"""
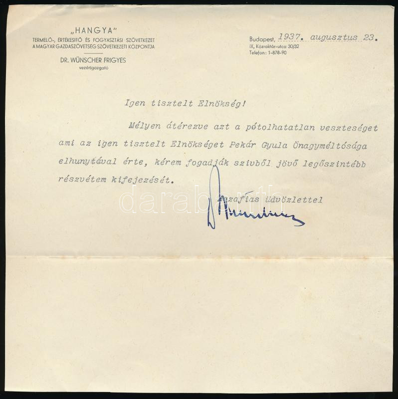 Leírás: 1937 Bp., A Hangya Szövetkezet vezérigazgatójának, Dr. Wünscher Frigyes aláírása fejléces levélpapíron
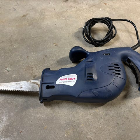 Elektrisk kapp- og gjærsag med sirkelsagblad, designet for presisjonskutting av tre og andre materialer. Utstyrt med håndtak for enkel betjening og justerbar skråstilling for gjæringskutt. Passer til ulike bygge- og hobbyprosjekter.
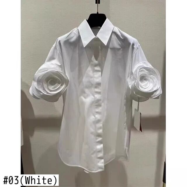 EWQ ソリッドカラー立体フラワーシングルブレストラペルシックシャツ甘いスタイルカーディガンブラウス 27SN5724 大人ガーリー スウィート キュート カジュアル フラワーデザイン
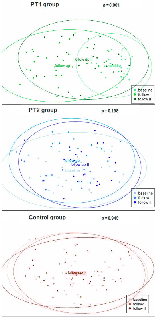 Table 3 also summarizes the results for beta diversity. Significant differences were, both exclusively and consistently, obtained within the PT1 group: from baseline to 3 months (adj. p = 0.003) and 12 months (adj. p = 0.003), and from 3 to 12 months (adj. p = 0.003). This was confirmed by principal coordinate analysis (Figure 4), again disclosing highly significant differences between the three collection times in the PT1 group (p = 0.001) but not in the PT2 or control group (p = 0.198; 0.945). Hierarchical clustering of all samples, too, revealed significant differences in distance along the tree of samples within the PT1 group only (Figure 2).
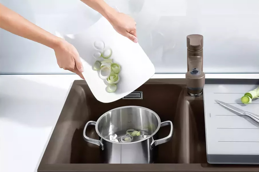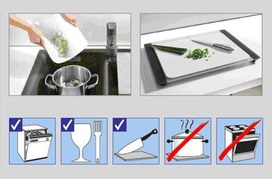 Выполнена из экологичного материала. Плотный пластик выдерживает нагрузку ножей и при этом не затупляет поверхность лезвия ножа. Гибкость доски позволяет переносить или скидывать мелко нарезанные овощи, зелень, фрукты и т.д. в кастрюли, бутыли или графины даже с маленьким диаметром горловины. Достаточно просто согнуть доску.
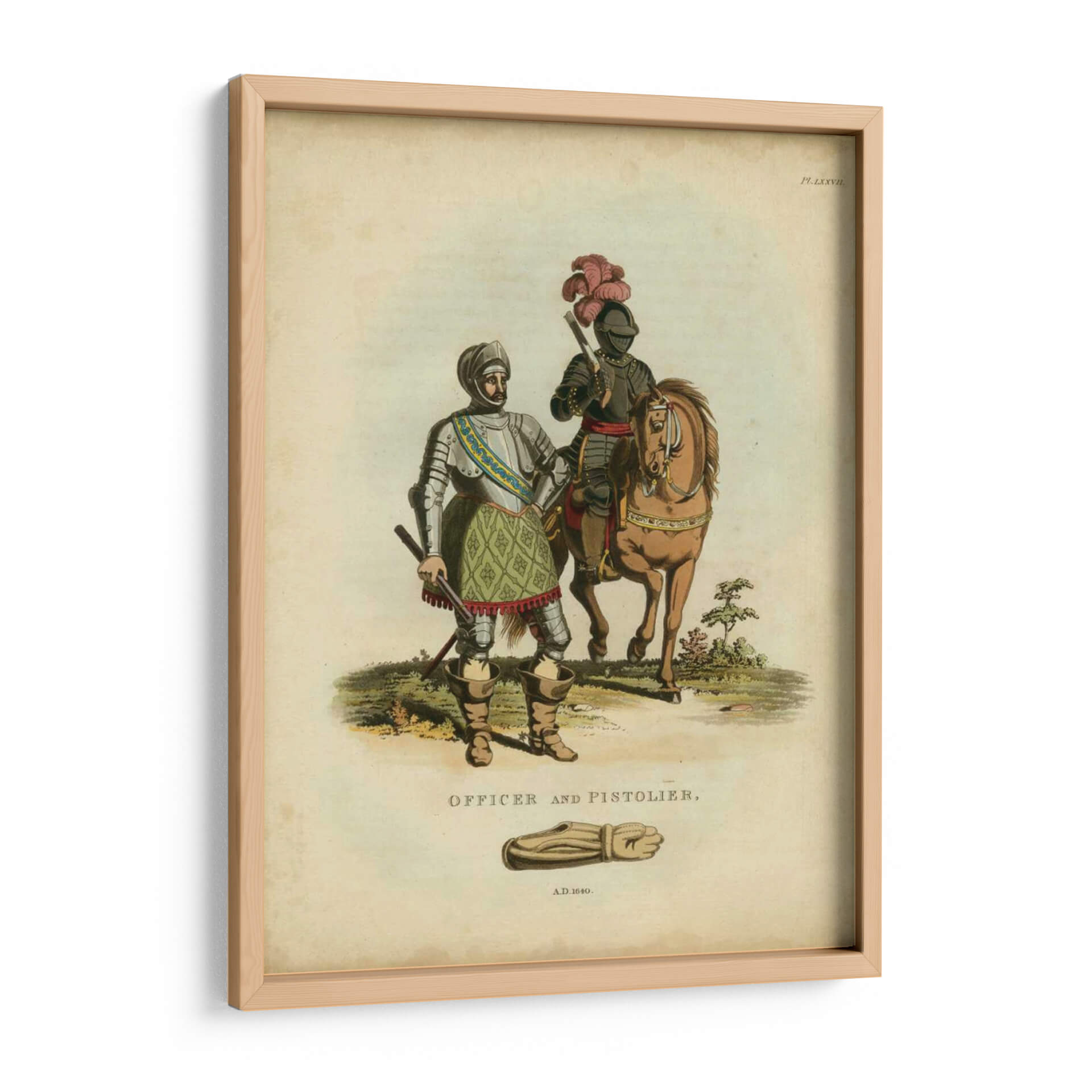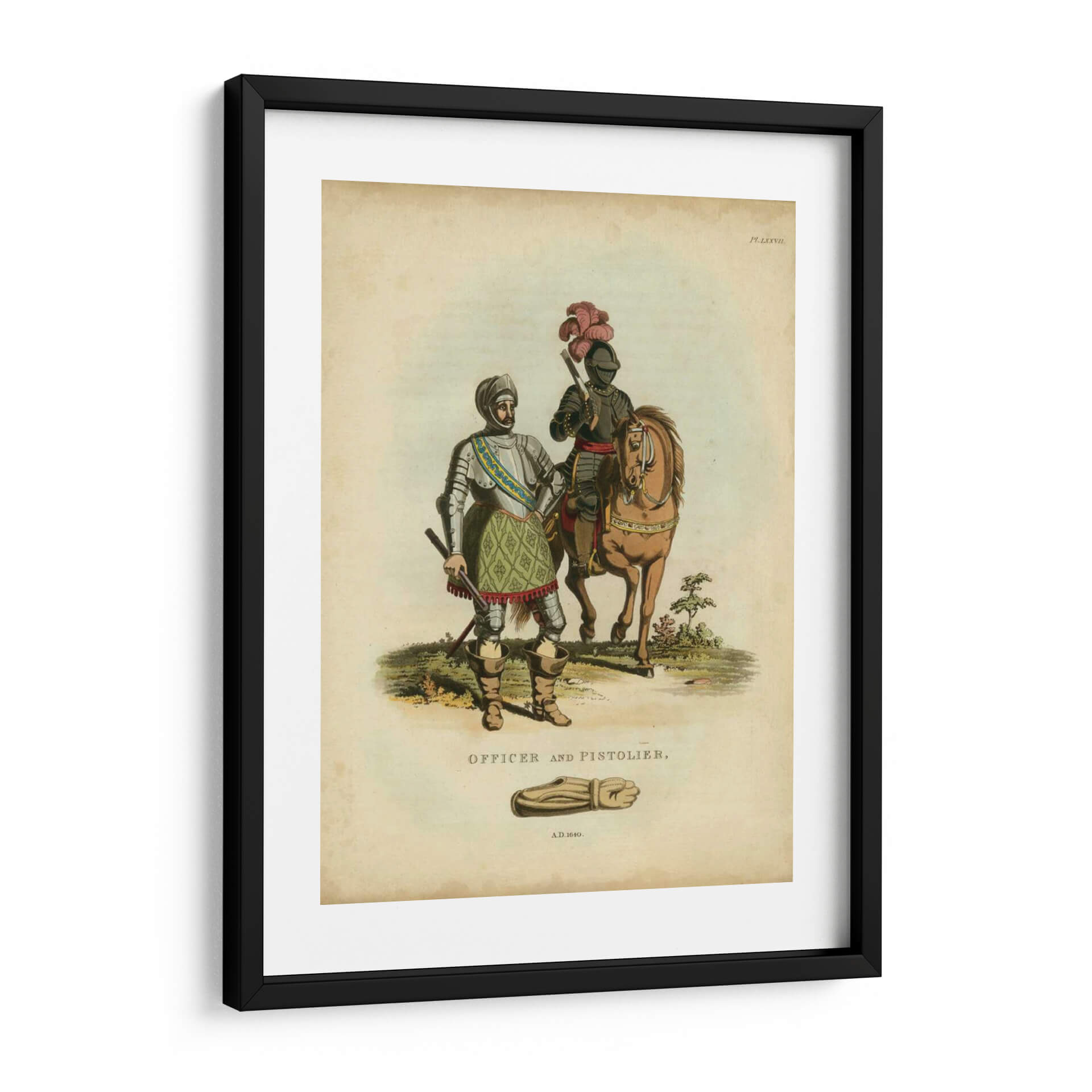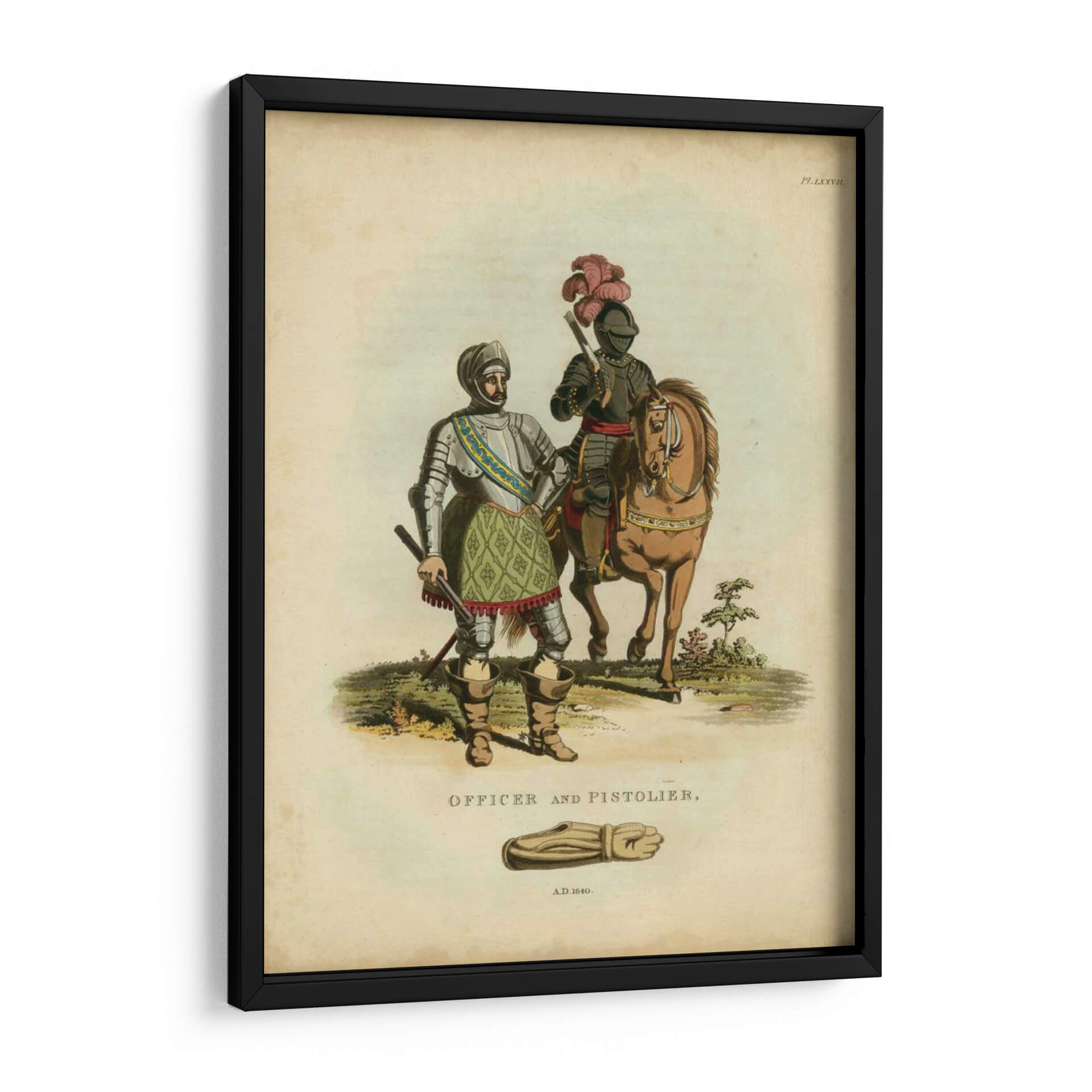 Sumérgete en la historia y la elegancia con este cuadro decorativo "Hombres en Armadura V" del artista Meyrick. Esta obra de arte transporta al espectador a una época de caballeros y valientes guerreros, presentando a un oficial a pie y otro a caballo, ambos ataviados con armaduras detalladas que evocan fuerza y honor. La paleta de colores, predominantemente terrosa y apagada con sutiles toques de color en las vestimentas y el plumaje del casco, crea una atmósfera de autenticidad histórica y seriedad. La composición, con las figuras humanas como centro de atención y un entorno paisajístico simplificado, realza el protagonismo de los personajes y su indumentaria. Este cuadro decorativo es ideal para aquellos que buscan añadir un toque de distinción, carácter y una narrativa visual cautivadora a sus espacios. Perfecto para salones, estudios u oficinas que deseen evocar un sentido de tradición, valentía o simplemente apreciar el arte con una profunda conexión histórica. Añade una pieza con historia y estilo a tu decoración.
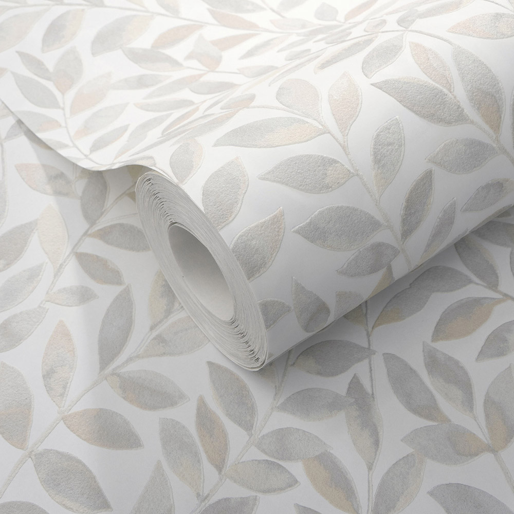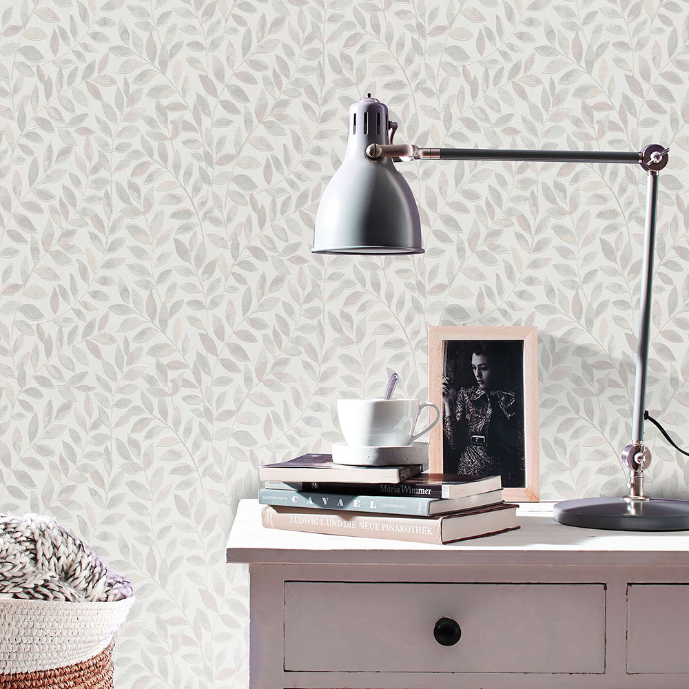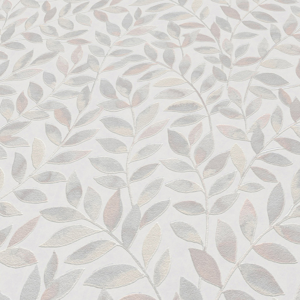 Vliestapete Blätter Ranken Weiß Beige Grau 10462-10
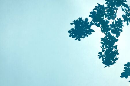 Tree branches and flowering plants and shadows on a blue wall background. Flat lay. Minimal concept of abstract natural summer texture Selective focus
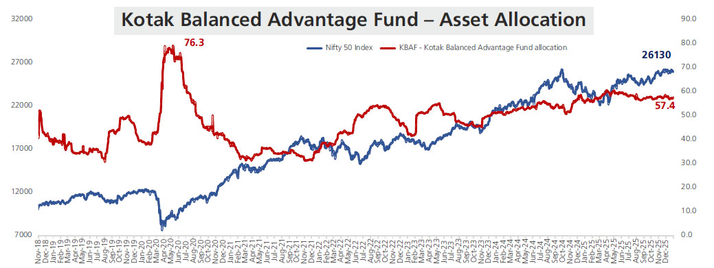 Source: KMAMC Internal Analysis. As on 31st December 2025. Disclaimer: The Nifty 50 Index exposure is considered to explain the equity valuations as category in comparison to KBAF Allocation. | KBAF - Kotak Balanced Advantage Fund. Nifty 50 Index represents the Market which is 50% component of the Benchmark – Nifty 50 Hybrid Composite Debt 50:50 Index.
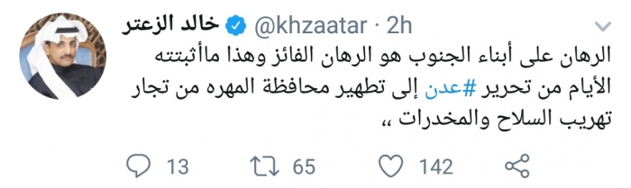 وكتب الزعتر، في تغريدة له عبر موقع التواصل الاجتماعي تويتر، تابعها المشهد العربي: "الرهان على أبناء الجنوب هو الرهان الفائز وهذا ما أثبتته الأيام من تحرير عدن إلى تطهير محافظة المهرة من تجار تهريب السلاح والمخدرات".
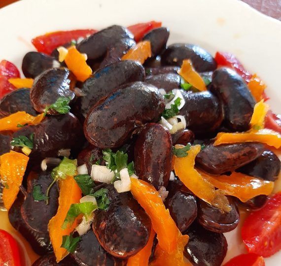 Σαλάτα με μαύρους γίγαντες . Συνταγή για σαλάτα με μαύρους γίγαντες Πρεσπών, χρωματιστές πιπεριές, κρεμμύδι φρέσκο, ντοματίνια και σώς γκρέιπφρουτ.
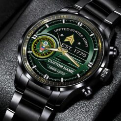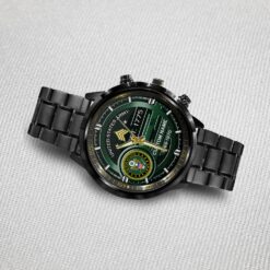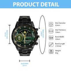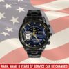 Personalize your Black Stainless Steel Watch with custom engravings of your name, rank, and years of service. This thoughtful addition transforms your watch into a cherished memento, honoring your dedication and commitment to service.
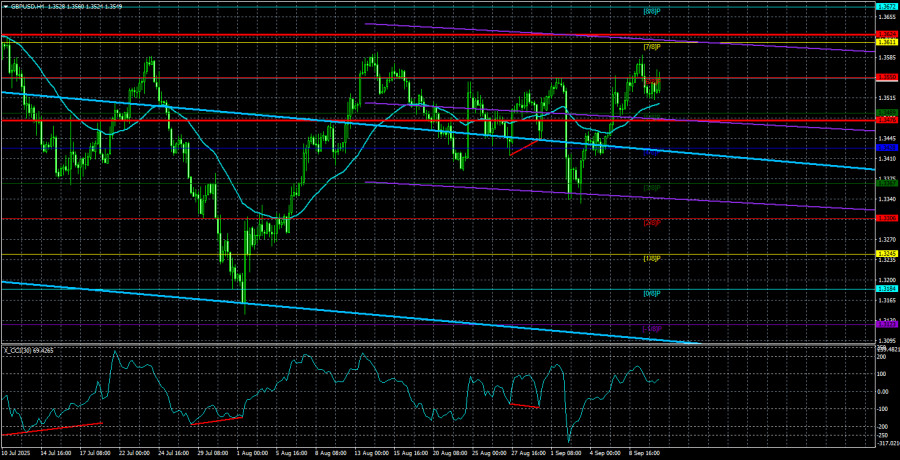 Валютная пара GBP/USD на торгах в среду вновь двигалась достаточно спокойно, что, в принципе, и не удивительно, так как за весь день был опубликован только один отчет – индекс цен производителей в США. Несмотря на то, что месяцем ранее этот же отчет спровоцировал довольно сильное движение на рынке, мы сразу предупреждали, что все будет зависеть от соотношения фактическое значение/прогноз. Однако, хоть в последние недели обе основные валютные пары не балуют трейдеров трендовым движением, это не означает, что новостей нет никаких. Большая их часть, конечно же, связана с личностью Дональда Трампа. К примеру, Трамп по-прежнему старается «потушить» конфликт между Украиной и Россией, но по-прежнему не знает ни одного метода, кроме тарифов и санкций, для достижения собственной цели. Напомним, что Трамп очень заинтересован в завершении войны между Киевом и Москвой, так как хочет получить Нобелевскую премию мира в октябре 2025 года. Просто вдумайтесь, президент США принимает глобальные геополитические решения для того, чтобы получить личную награду. Такова реальность 2025 года. Может быть просто вручить Трампу награду «Владыка мира» и «Царь всея земли»? Ради мира в Украине Нобелевской премии Трамп готов на все. Он готов вести диалог с Владимиром Путиным, Владимиром Зеленским, а параллельно вводить тарифы против Индии, чтобы та не покупала нефть и газ в России, и подначивать Евросоюз отказаться от закупок в РФ, одновременно требуя ввести санкции против Индии и Китая. При чем, сам Трамп не хочет открыто выступать против РФ. Президент США понимает, что усугубление отношений с Москвой еще сильнее укрепит ее связи с Китаем и Индией. А все вместе три эти страны занимают львиную часть Евразии. С таким противником совладать будет тяжело даже Америке, поэтому Трамп любыми путями хочет не допустить этого. Штаты при Трампе вновь готовы стать другом для России, вести совместный бизнес, развиваться плечом о плечо. И все в мире понимают, что основной целью Трампа является не дружба с Россией, а недопущение дружбы России с Индией и Китаем. В общем, ситуация абсурдная и парадоксальная, но она именно такая. Отдельно хочется вспомнить о таком персонаже, как Лиза Кук. Госпожу Кук Трамп уволил с ее должности члена Монетарного комитета ФРС несколько недель назад. Кук обратилась в Верховный суд США в Вашингтоне, и суд постановил восстановить госпожу Кук на ее должности. Иными словами, Суд открыто пояснил Трампу, что у него в коллекции пока нет награды «Вершитель судеб», поэтому нужно придерживаться законодательства США. Хотя бы иногда. Также напомним, что уже два суда в США признали, что практически все пошлины Трампа являются незаконными. Дело остается за малым. Если тот же Верховный суд, куда у Трампа, должно быть, уже имеется абонемент на ежедневные посещения, постановит пошлины президента США превышением его полномочий, то они будут официально отменены. Но как потом разматывать «клубок» пошлин и торговых соглашений, уже подписанных на основании пошлин, абсолютно непонятно. Одно ясно – скучать в следующие три года не придется. Средняя волатильность пары GBP/USD за последние 5 торговых дней составляет 74 пункта. Для пары фунт/доллар это значение является «средним». В четверг, 11 сентября, таким образом, мы ожидаем движения внутри диапазона, ограниченного уровнями 1,3476 и 1
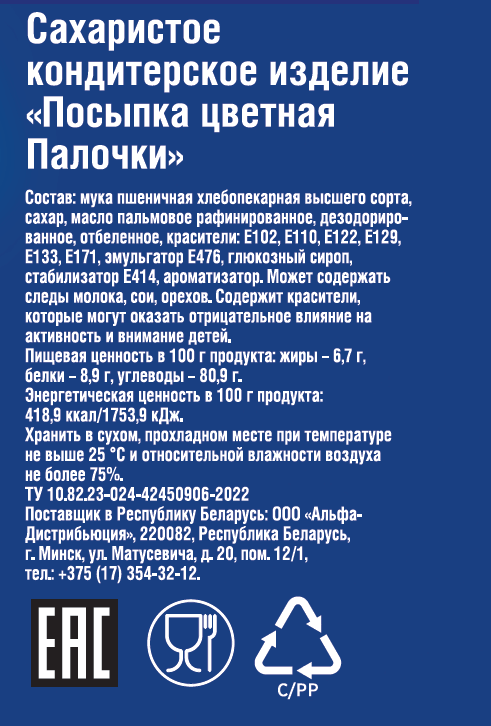 Посыпка Dr.Bakers палочки, 10 г представляет собой украшения небольших размеров. С ее помощью можно воплотить в реальность различные фантазии, создав красочные и насыщенные рисунки, логотипы и даже надписи. Благодаря таким сладким фигуркам десерты приобретают завершенность. Ими можно украсить торты, пирожные, кексы, куличи. Для удобства нанесения на поверхность можно воспользоваться шаблонами.
"""
Brief
The output is the stretch above from the line with "Elektrisk kapp- og" through the line with "Table 3 also", copied word for word with both ends kept and every picture dropped.

Task solution
 Elektrisk kapp- og gjærsag med sirkelsagblad, designet for presisjonskutting av tre og andre materialer. Utstyrt med håndtak for enkel betjening og justerbar skråstilling for gjæringskutt. Passer til ulike bygge- og hobbyprosjekter.
 EWQ ソリッドカラー立体フラワーシングルブレストラペルシックシャツ甘いスタイルカーディガンブラウス 27SN5724 大人ガーリー スウィート キュート カジュアル フラワーデザイン
 Table 3 also summarizes the results for beta diversity. Significant differences were, both exclusively and consistently, obtained within the PT1 group: from baseline to 3 months (adj. p = 0.003) and 12 months (adj. p = 0.003), and from 3 to 12 months (adj. p = 0.003). This was confirmed by principal coordinate analysis (Figure 4), again disclosing highly significant differences between the three collection times in the PT1 group (p = 0.001) but not in the PT2 or control group (p = 0.198; 0.945). Hierarchical clustering of all samples, too, revealed significant differences in distance along the tree of samples within the PT1 group only (Figure 2).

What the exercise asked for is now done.